Now that September is in full swing, most kids and young adults are back in the classroom, meaning that millions of working parents are trying to help their kids navigate a host of academic stress. And parents and nonparents alike are staring their own educational gremlins in the face, too, returning to the classroom themselves in the quest for self-development and career growth.

"While some stress is normal, when not managed effectively, excessive stress can impact productivity and performance, affect your physical and emotional health, and negatively impact your relationships and family life," says therapist Tanya Chesla, LMSW.

Clinical psychologist Dr. Mary Beth Cull adds that dealing with great stress can influence all other areas of your life. People can be much less present for those areas than they ordinarily would be.

"However, by managing stress effectively," says Chesla, "there is a real opportunity to not only balance your activities, but also to create a family that thrives when taking on new challenges."

Plus, Chesla says, kids can benefit from watching parents managing multiple priorities while staying well. Healthy examples can reinforce the lessons you want to teach.

What to watch for as you head back to class

Cull and Chesla both agree that anxiety and depression are the most common mental health issues they see, and both of those issues can get worse when you pile on the stress of going back to school.

But Cull cautions that stress and transition can bring any of our unique vulnerabilities to the surface, be that substance abuse, emotional eating or other issues. So it's important to recognize that the struggle one person experiences as classes roll isn't necessarily going to look like someone else's, and appropriate support can be very different, too.

Focusing on the most common issues of anxiety and depression, Chesla says there a few key factors that can spell trouble:

  • Lack of a support system
  • Neglecting self-care
  • Inability to switch off and set boundaries
  • Imposter syndrome

Cull adds that transitions are difficult largely because they hold so much uncertainty--most people tend to prefer the sense that they know what's coming next. Added responsibilities have an impact, too.
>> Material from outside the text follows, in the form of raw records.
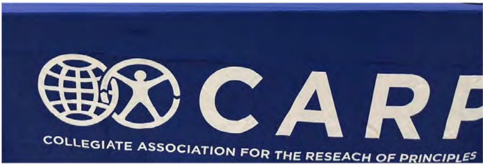
University of Hawai'i at Manoa; Honolulu, HI
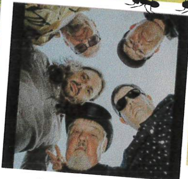
Another Side August 1 st - 7 - 11 pm
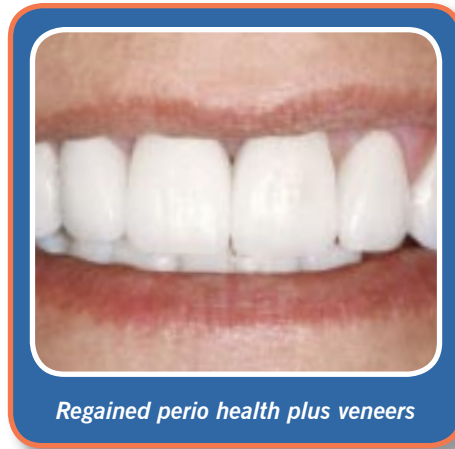
Regained perio health plus veneers

Here are some links that have been demonstrated between oral health and overall health.
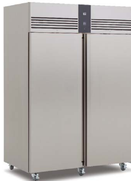
EP 1440H Refrigerated Cabinet
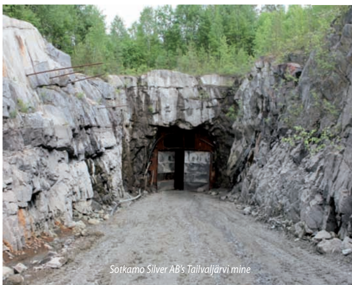
Sotkamo Silver AB's Tailvaljärvi mine

“Finland has emerged as the most exciting exploration country in Europe during the past couple of years”
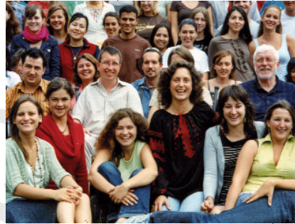
Have a good time at the Sommerhochschule

The intercultural dimension provided by the summer program's internationally diverse student population has become one of the
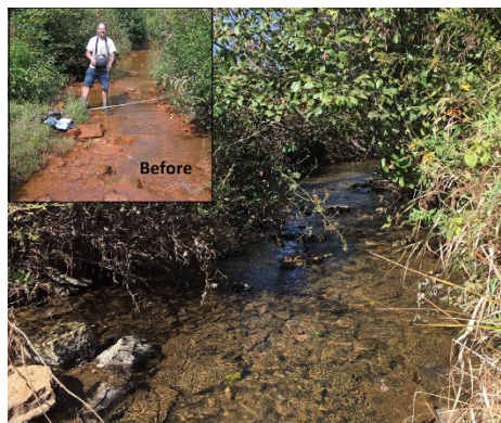
Section 319 funds helped address acid mine drainage (top left) from abandoned mine sites in West Virginia’s Deckers Creek watershed. (For details, read the success story .)

NPS pollution is the dominant source of water quality pollution and the leading cause of impaired waters in the United States. Our nation’s water quality challenges continue to grow with increasing population and changing land use and climate conditions. For more details about NPS pollution, see the EPA’s Polluted Runoff: Nonpoint Source (NPS) Pollution website .
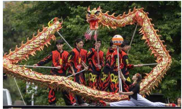
Welcome the New Year of The Snake – Qiao Yi Hong De Lion Dance Team
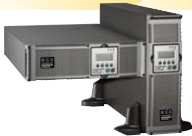
Pulsar MX RT 5 kVA 4.5 kW
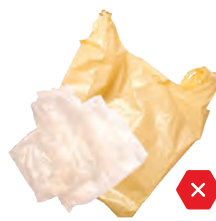
No Loose Plastic Bags, Recyclables in Plastic Bags, or Film Empty recyclables directly into your cart
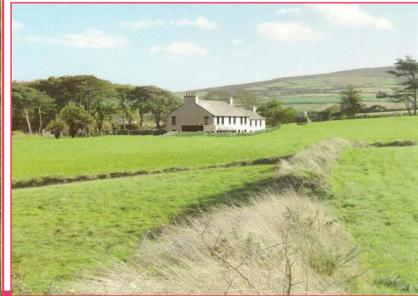
Hillside Farm (Plot) Slieau Whallian Road, St. Johns, IM4 3BJ Asking Price £599,950
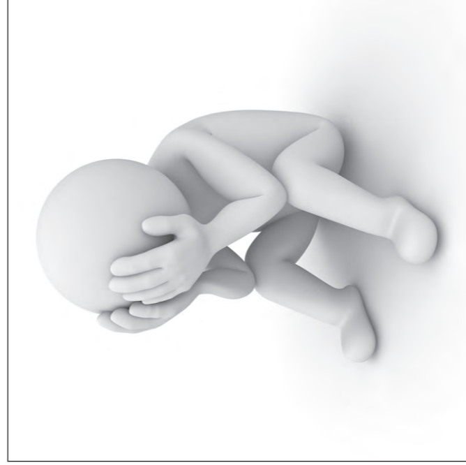
Figure sitting down holding head in hands
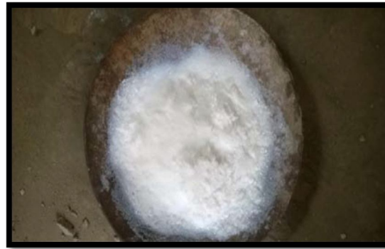
Figure 4: Nano Silica
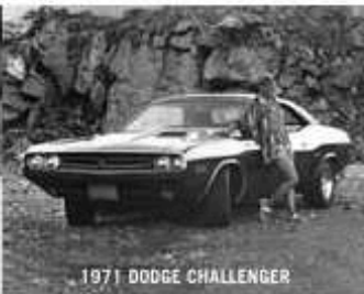
1971 DODGE CHALLENGER
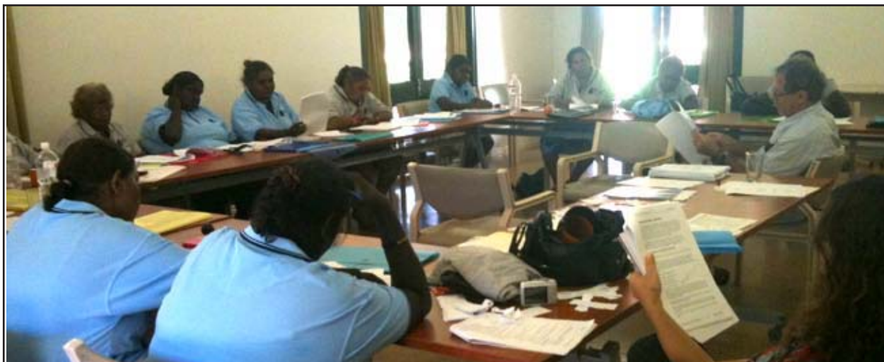
Diploma of Interpreting students hard at work

24 interpreters enrolled for the Diploma, with 6 withdrawing before the start.
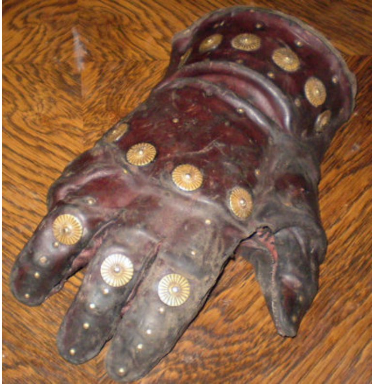
(The finished glove, a little beaten up and dirty after some seasons on the battlefeild)
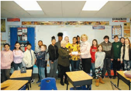
Presenting check to Breast Cancer Endowment Fund of Clark County
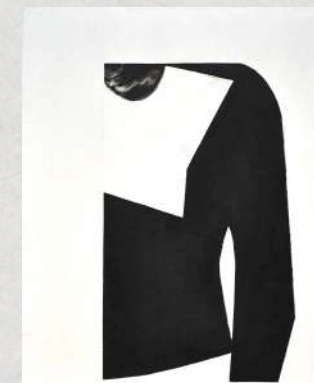
Nirmala Dutt. Woman I, II & III . 1999. Oil on canvas, 50 × 40 cm. Gift of T.K. Sabapathy. Collection of NUS Museum, National University of Singapore.
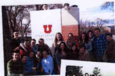
Left: MSU Cru students sharing Christ in Salt Lake City on the college campuses and serving the local community.

And often what happens is that, rather than acknowledging and accepting their swirling feelings and uncertainties, people double down on go-to coping strategies even when those strategies don't work. They often get self-critical and blame themselves to the detriment of their self-esteem, erroneously thinking their negative self-talk somehow will motivate them to keep working and trying hard.

Chesla asserts that other symptoms can include

  • Increased irritability, anger and frustration
  • Fatigue
  • Not sleeping
  • Decline in work and/or school performance
  • Not feeling interested in what you used to be interested in
  • Reduced social engagement with friends/family
  • Poor concentration
  • Excessive worry

How to keep back-to-school stress low

No matter how your particular problem might manifest, Cull and Chesla say that self-awareness is key to staying in control and getting back on track. That self-awareness, Chesla asserts, lets you compare to your normal baseline.

"Build time into each day, even just a few moments, to ask yourself how you're feeling, or if you notice any changes in your behavior," says Cull. "[...I] suggest people try to be compassionate and understanding with themselves, to remember that transitions and extra responsibilities can take a toll and take time to adjust to."

Once you've checked in with yourself, make a conscious decision to spend time and energy on whatever activities rejuvenate you. Decompress and give yourself some time to develop the effective coping skills--e.g., self-care like exercise, communication, planning and boundary setting--you need.

Through this process, reconnect with the "why" or meaning behind your choices. Reevaluate, for example, what you want from taking your new class or how helping your kids with school activities will propel them.

"When we are connected to the meaning behind our choices, and we feel like we have agency over our choices and schedules, it is empowering," says Cull. "This always serves to improve the way we feel about ourselves and our relationships, as well as our motivation."

But remember--you don't have to navigate alone. A good therapist can help you sort out what's happening and build some strategies for success. And importantly, both schools and companies can help people address back-to-school or other stress. To start, they should understand that people going back to school have accumulated additional responsibilities. Then, based on that understanding, they can provide support such as flexibility around schedules and needs, all while promoting an accepting, self-compassionate culture.

"When we are supported by our environments [and we] take good care of ourselves," says Cull, "enhancing one area of our lives actually serves to improve and add meaning to all the others."